|Honored by:||Margaret Doe|
|Brick location:||H:18 map|
MARGARET BEAUMONT STANTON KIRSHMAN
Born May 16, 1883 in The Maples family home of Edgar W. and Margaret MacDonald Stanton (later became Music Hall) on the Iowa State College campus.
CHILDHOOD Had two brothers: Edwin MacDonald (Don) four years older and Edgar W. Jr. four years younger. The faculty children played together in the North Woods where they hunted rabbits and squirrels. Margaret didn't like to eat rabbit but her brothers tried to fool her with rabbit gravy. Margaret's father Edgar W. Stanton was the first graduate of I.S.C. in the class of 1872. He first taught all mathematics classes then was Dean of the Junior College secretary and treasurer and upon four occasions Acting President of Iowa State. His wife was first Preceptress so their home became a center for student activity for counseling and discussions. Prof. Stanton was in charge of loans and Margaret recalled that he helped George Washington Carver by having him work around their house and yard. Margaret was made to take piano lessons and hated to practice so George Washington Carver would place a fresh bouquet of flowers on her piano daily to try to cheer her.
Margaret recalled special visitors in her home were her father's classmate Catt who married Carrie Chapman class of 1880 leading suffragist and founder of League of Women Voters who helped with passage of the 19th Amendment. Carrie Chapman Catt later wrote to Margaret expressing her regard for Prof. Stanton and how his wisdom had been instrumental in formulating her character and convictions.
EDUCATION Some of the faculty children took classes at the college instead of attending high school in Ames three miles distance on the "Skunk" train which crossed the Skunk River. Margaret graduated from Iowa State College in the class of 1902 at the age of 19 and received a Bachelor of Science degree in 1904. Her brother Don graduated in the class of 1898 and then went to medical school at the University of Pennsylvania since their father had come from Waymart, Pa.
While there Margaret attended Bryn Mawr which was nearby. Margaret took graduate work at the Univ. of Wisconsin Madison from 1904-08. She had a scholarship in European History and received a Master of Arts degree in 1908. She then traveled through Europe for a year with four other girls and a chaperone. About 1912 her father sent Margaret to Columbia Univ. to "ferret out" some new theories and to pursue her interest in engineering of the home. In the Household Arts Review published by Columbia Univ. she wrote about "Southern Girls Canning and Poultry Clubs". These were started by her great-uncle Dr. Seaman A. Knapp to develop the head heart hand and health later known as the 4-H Clubs.
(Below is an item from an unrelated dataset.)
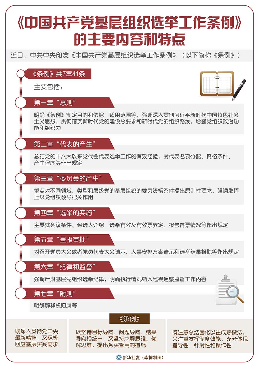 答:《條例》共7章41條,主要包括:第一章“總則”,明確《條例》制定目的和依據(jù)、適用范圍等,強(qiáng)調(diào)深入貫徹習(xí)近平新時(shí)代中國特色社會(huì)主義思想,貫徹落實(shí)新時(shí)代黨的建設(shè)總要求和新時(shí)代黨的組織路線,增強(qiáng)黨組織政治功能和組織力。第二章“代表的產(chǎn)生”,總結(jié)黨的十八大以來黨代會(huì)代表選舉工作的有效經(jīng)驗(yàn),對(duì)代表名額分配、資格條件、產(chǎn)生程序等作出規(guī)定。第三章“委員會(huì)的產(chǎn)生”,重點(diǎn)對(duì)不同領(lǐng)域、類型和層級(jí)黨的基層組織的委員資格條件提出原則性要求,強(qiáng)調(diào)發(fā)揮上級(jí)黨組織領(lǐng)導(dǎo)把關(guān)作用。第四章“選舉的實(shí)施”,主要就會(huì)議條件、候選人介紹、選舉有效及有效票界定、報(bào)告得票情況等作出規(guī)定。第五章“呈報(bào)審批”,對(duì)召開黨員大會(huì)或者黨員代表大會(huì)請(qǐng)示、人事安排方案請(qǐng)示和選舉結(jié)果報(bào)批等作出規(guī)定。第六章“紀(jì)律和監(jiān)督”,強(qiáng)調(diào)嚴(yán)肅基層黨組織選舉紀(jì)律,明確執(zhí)行情況納入巡視巡察監(jiān)督工作內(nèi)容。第七章“附則”,明確解釋權(quán)歸屬等。

TEACHING While still a student at I.S.C. Margaret taught calculus and differential equations to Engineering students. She taught history in high school in Des Moines. Then at Boulder Prep School later Colorado Univ. She taught economics and history at Pine Manor the high school level of Bryn Mawr where she was instructed to pass all students so didn't have to spend extra time with the slower ones. Later she was instructor of Domestic Science at the Univ. of Illinois Champaign-Urbana.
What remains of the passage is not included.